Whether it's oil and natural gas or groundwater that is being pumped, rapid and uncontrolled removal of fluids from reservoirs deep underground can sometimes have unexpected effects at the surface. Subsidence, the sinking of the earth's surface relative to a fixed elevation, can result from any of several causes, one of which is the withdrawal of oil or water from subsurface sediments and rocks. The phenomenon has been observed in many oil fields, as well as in areas where groundwater is in heavy use.
  1. Subsurface Fluid Basics

    • Petroleum and groundwater do not collect in underground lakes and rivers.

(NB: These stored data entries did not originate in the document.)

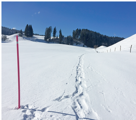
Un agréable chemin jusqu'au Mont des Cerfs.
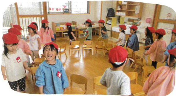
はじめは全員、赤帽子でスタートです!!
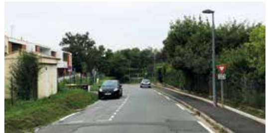
Exemple de stationnement sur chaussée

Le stationnement sur chaussée est autorisé en agglomération, le long du trottoir et dans le sens de la marche. La Commune de Tresses a engagé une réflexion avec les présidents et habitants des lotissements afin de créer des places de stationnement sur chaussée. Cette solution peu contraignante en termes d'équipements permet de sécuriser le stationnement et le passage des piétons tout en apaisant la vitesse des véhicules.
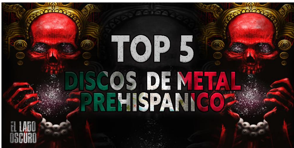
Imagen 6.

Esta fusión con instrumentos prehispánicos también la encontramos en algunas agrupaciones como Izkra con una influencia más heavy , o como Herejía con un estilo speed y punk que hacen canciones en lenguaje náhuatl, sin embargo, el death y el black metal se han caracterizado por ser la base más usual de esta fusión. Por ello, se trata de un subgénero del metal ya que recupera elementos sonoros y visuales del metal convencional sumando la referencia de los pueblos originarios y su cosmovisión.
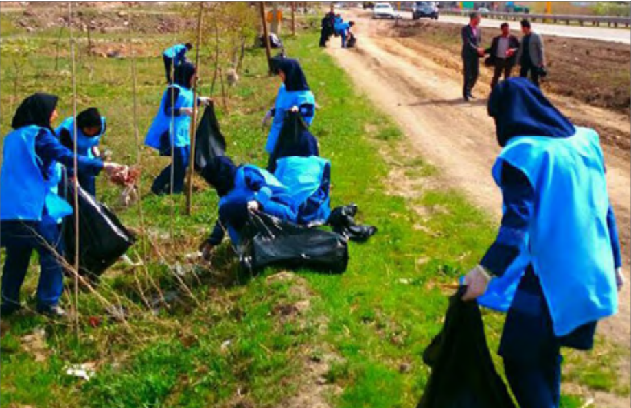
کم لطفی وبیمهری به محیط زیست در ایران وجود دارد

عضو کمیسیون فرهنگی مجلس گفت: در بحث تغییرات اقلیمی و گرمایش زمین اغلب کشورهای جهان برنامه‌های دارند و در جهت کاهش اثرات حرکت می‌کنند اما ما همچنان بر اجرای اقدامات نا کارآمد و کوتاه‌مدت پافشاری می‌کنیم؛ کم‌لطفی و بی‌مهری به محیط زیست فقط در بین مردم یا دولت نیست بلکه در لایه لای متون قانونی که در مجالس قبلی تصویب شده نیز فراوان مشهود است. به گزارش خبرنگاری خانه ملت،
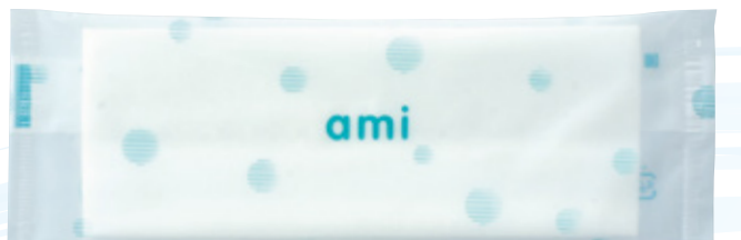
商品CD : 370136 品番 : A-2 商品名 : フレッシュメイト アミー [平] 入数 : 1,500 原紙SIZE : 185×260mm
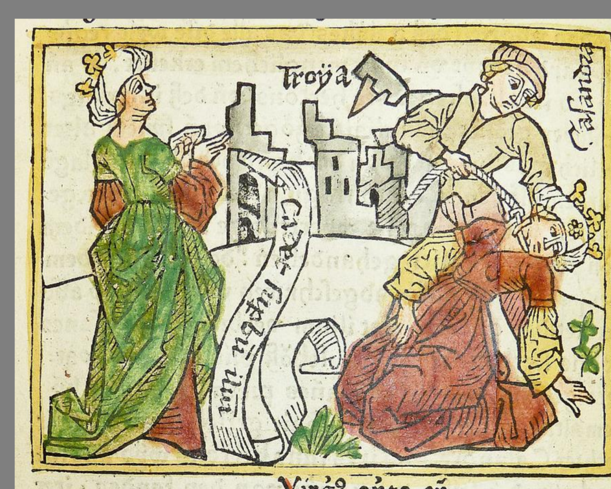
Cassandra predice la caída de Troya y su propia muerte Traducción en alemán de Boccaccio (1474) Bibliotecas Penn
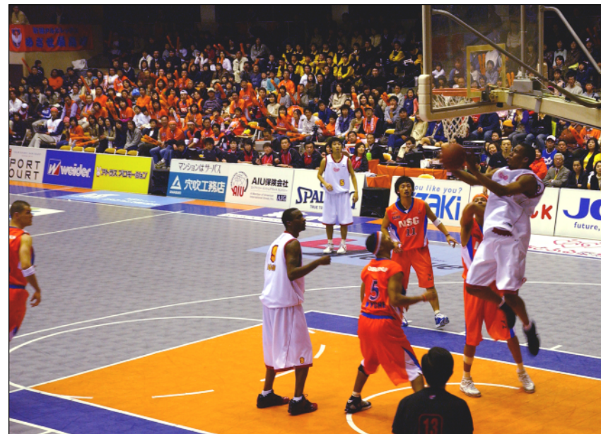
アリーナでのスポーツイベント

Instead these fluids fill tiny spaces between grains of rock, called pores. Rocks below the surface are subjected to pressure resulting from the weight of the material above them, called overburden. Without liquid filling the pore spaces, the weight of the overburden crushes the empty spaces, making the porous rock layers thinner through compaction. Liquids do not compress, a property that keeps pore spaces open as long as liquid is present.

    Examples

    • Researchers first suggested that the extraction of oil can cause land subsidence in the 1920s based on studies in the Houston, Texas, region. Subsidence has since been observed at other oil fields around the world. The Wilmington Oil Field, which underlies a portion of Long Beach, California, has been particularly well studied since subsidence was first described in the 1940s.

    Amount of Subsidence

    • At Wilmington Field in California, subsidence related to the extraction of oil and water occurred over an area of approximately 50 square kilometers (19 square miles). In the areas of greatest subsidence, surface elevation fell almost 9 meters (about 30 feet) before regulatory action helped stabilize the underground reservoir. Such dramatic effects are not typical, however. Subsidence over oil fields is most likely to take place when the field is large, the producing zone is shallow and the reservoir rock is not well cemented; these conditions were present in the fields studied in Houston and California.

    Mitigating Subsidence

    • Government departments charged with overseeing the production of oil and gas are also responsible for preventing or minimizing subsidence caused by the pumping of hydrocarbons from underground reservoirs. Efforts made to reverse subsidence at Long Beach have met with limited success. Maintaining the fluid pressure in the subsurface through waterflooding -- pumping water into a reservoir to offset the produced fluids -- has been effective in stabilizing oil fields, including the oil field underlying Long Beach.